Tuesday, May 13, 2008

A personal story

This blog is a whole new departure for me. Different from my blog on marketing and design, this is on my life, and my struggle. It's actually really personal. I've been told that's a bad blog, but I think what I have here can be a testament to others.

I'm actually struggling with my faith. Not whether or not I believe in God, that is Jesus Christ and the Trinity but to what extent am I willing to live that out and to what depth CAN I believe.

About two months ago I found a strange lump on my throat. It was becoming pretty hard to swallow and so I made an appointment with a doctor.

The night before the appointment lying in bed I began to imagine death, in intimate detail. Only last year a friend and workout partner, about 31, strong as an ox, had been diagnosed with cancer. I saw him once more before he died a few months later.

I imagine that death will feel a lot like being put to sleep for surgery. You'll want to stay awake but won't be able to and once you fall asleep, all consciousness is lost. So, if that's what the last moments feel like, what do the NEXT moments feel like?

What does stepping from here to eternity feel like?

The question alone made me panic. I begged God for my salvation and for His love. I also realized I wasn't confident anyone was listening. My faith was tiny.
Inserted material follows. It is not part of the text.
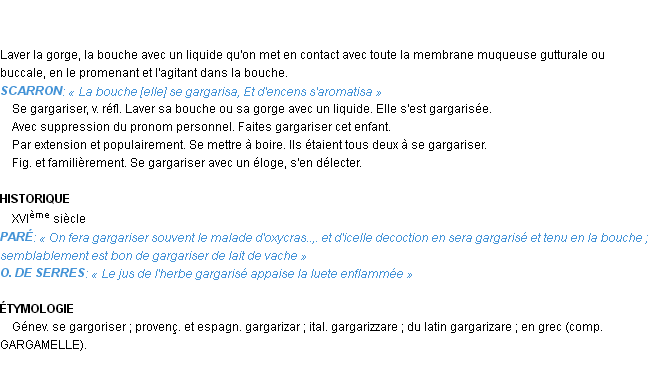Définition d’Emile Littré (édition de 1876) pour le mot « gargariser ».Merci à Baptiste et Sandrine pour la numérisation du mot gargariser.

To say I didn't believe in God would be a misstatement. I certainly didn't believe in anything else. That's just not hard for me. I don't believe that Allah or Buddha is God. My fear was more that nothing was there, which consciously I knew was absolutely stupid.

For those atheists and agnostics out there that seem and insult and I'm sorry. I'll explain why that isn't hard for me later.

Eternity is big. REALLY big. The gravity of the concept forever was just too much. I don't decide on car insurance without talking to someone. I don't buy a house until I've seen it. The idea that I'm making a choice (*my beliefs actually state that I don't have a choice, that once called by God his glory is so beautiful that I am not able to resist it, called irresistible grace) that will effect all of eternity, by the way a really long time, seemed impossible to comprehend.

I panicked.

For two months.

I didn't sleep, or eat, everyday things were framed in a constant fear and panic. The world actually looked a little more gray.

Words on a screen can't express the depth of this emotion.

So in all this I feel that my struggle can be a testament to others. For those who aren't sure, you aren't alone. That doesn't mean you're right but your struggle is the result of the longing you have. You live in a fallen world.

My goal in this opening post is to set the stage. Being a little more into this I've already had some amazing things happen, I've had some amazing panic attacks. But, in all this God is calling me closer to himself and into a deeper relationship with Him.

My biggest question has been if I'm destined for Glory why even go through this frail and impotent world of paper shadows. Tonight I got my answer: for His glory.

So this is my journal, to be a testament to the world, as I step from here to eternity.

*p.s. the CAT scan and blood work came out clean.